根の成長中にオーキシン反応を急速に伝達できる新しいCa2+結合タンパク質

植物開発の規制担当者であるオーキシンと、普遍的なセカンドメッセンジャーであるCa2+の間のシグナル伝達が、植物の発達可塑性を調節することが提案されています。ただし、基礎となる分子メカニズムはほとんど不明です。ここでは、シロイヌナズナの根では、オーキシンがオーキシン制御遺伝子の発現パターンと空間的に一致する特定のCa2+シグナル伝達パターンを誘発することを報告します。ICR1（CMI1）の単一EFハンドCa2+結合タンパク質Ca2+依存性モジュレーターを、植物のRho（ROP）エフェクター相互作用因子（ICR1）の相互作用因子として特定しました。CMI1の発現はオーキシンによって直接上方制御されますが、CMI1の機能の喪失は、外側根キャップと血管系のオーキシン誘発Ca2+の増加と関連しており、CMI1が初期のオーキシン反応を抑制することを示しています。一致して、CMI1変異体は、より短い一次根、より長い根毛、長い胚軸、側面根形成の変化など、オーキシン反応の増加を示します。

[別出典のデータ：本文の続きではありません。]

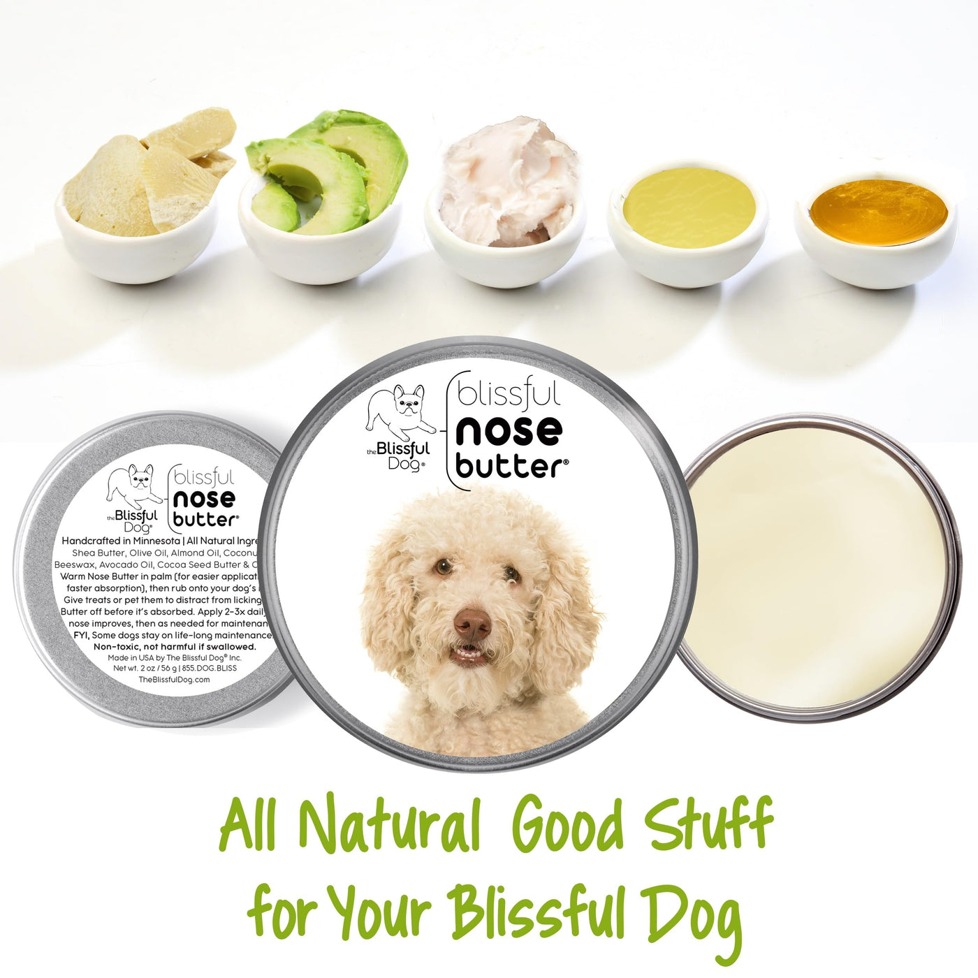 Many dogs have a tendency toward a dry, crusty nose condition, frequently called nasal hyperkeratosis. While any dog can have this condition, some breeds have even more of a predisposition toward dry noses; French Bulldogs, Boxers, Pugs, Bulldogs, most Bully types, Mastiff breeds and their mixes. Nose Butter was developed specifically for this condition. Nose Butter moisturizes rough, dry crusty dog noses. All natural, rich moisturizers soften and smooth your dogs dry, crusty, cracked nose and works like a healing balm. Nose Butter is individually handcrafted in far northern Minnesota (yes, it is science fiction cold in the winter) using all natural and organic good stuff: shea butter, olive oil, castor oil, avocado oil, almond oil, coconut oil, beeswax and cocoa seed butter. Available in Unscented and Lightly Scented with Cedarwood, Cypress and Ylang Ylang. NOSE BUTTER USAGE: DAB a bit onto your dogs nose 1-3x a day for 2-3 days (until nose improves) and then as needed for maintenance (usually1-2x a week). DISTRACT with a treat (keeps them from licking NOSE BUTTER off while it moisturizes). DONE! Complete directions, tips, hints and dog nose info is available on product details pages.

ICR1への結合は、CMI1とその機能の細胞内局在に影響します。CMI1とICR1の相互作用はCa2+依存性であり、CMI1で保存された疎水性ポケットとICR1のカルモジュリン結合様ドメインを含みます。驚くべきことに、CMI1は溶液中の単量体であり、in vitroでは、10-9から10-8 Mの範囲の細胞安静時Ca2+濃度で二次構造を変化させるため、CMI1はAuxin調節遺伝子発現のCa2+依存性トランスデューサーです。定常状態および上昇した細胞Ca2+レベルでの細胞固有のファッションは、オーキシン応答を調節します。

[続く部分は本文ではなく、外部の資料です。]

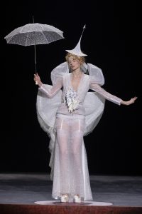 « Je ne fais pas vraiment de la mode, je crée des personnages », affirme Julien Fournié. Et cela s’est vu dès l’apparition de la déesse en trench cyborg, ouvrant un show qui oscille entre futurisme et nostalgie enfantine. Inspiré par les films d’animation, les super-héros et la musique des années 1990, Fournié compose une galerie de figures iconiques : un lapin blanc dealer de luxe, un Monsieur Loyal imposant, un Joker explosé ou encore une clown tout droit sortie d’un film en noir et blanc. Des références assumées qui font de cette collection une véritable plongée dans l’imaginaire du créateur.
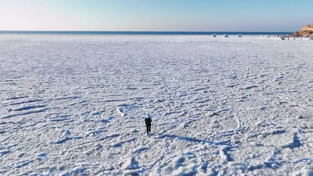 Актауский блогер Азамат Сарсенбаев показал на видео покрытый льдом Каспий. Море замерзло из-за аномальных холодов, передает Tengrinews.kz.

Signaling cross talks between auxin, a regulator of plant development, and Ca2+, a universal second messenger, have been proposed to modulate developmental plasticity in plants. However, the underlying molecular mechanisms are largely unknown. Here, we report that in Arabidopsis roots, auxin elicits specific Ca2+ signaling patterns that spatially coincide with the expression pattern of auxin-regulated genes. We have identified the single EF-hand Ca2+-binding protein Ca2+-dependent modulator of ICR1 (CMI1) as an interactor of the Rho of plants (ROP) effector interactor of constitutively active ROP (ICR1). CMI1 expression is directly up-regulated by auxin, whereas the loss of function of CMI1 associates with the repression of auxin-induced Ca2+ increases in the lateral root cap and vasculature, indicating that CMI1 represses early auxin responses. In agreement, cmi1 mutants display an increased auxin response including shorter primary roots, longer root hairs, longer hypocotyls, and altered lateral root formation. Binding to ICR1 affects subcellular localization of CMI1 and its function. The interaction between CMI1 and ICR1 is Ca2+-dependent and involves a conserved hydrophobic pocket in CMI1 and calmodulin binding-like domain in ICR1. Remarkably, CMI1 is monomeric in solution and in vitro changes its secondary structure at cellular resting Ca2+ concentrations ranging between 10-9 and 10-8 M. Hence, CMI1 is a Ca2+-dependent transducer of auxin-regulated gene expression, which can function in a cell-specific fashion at steady-state as well as at elevated cellular Ca2+ levels to regulate auxin responses.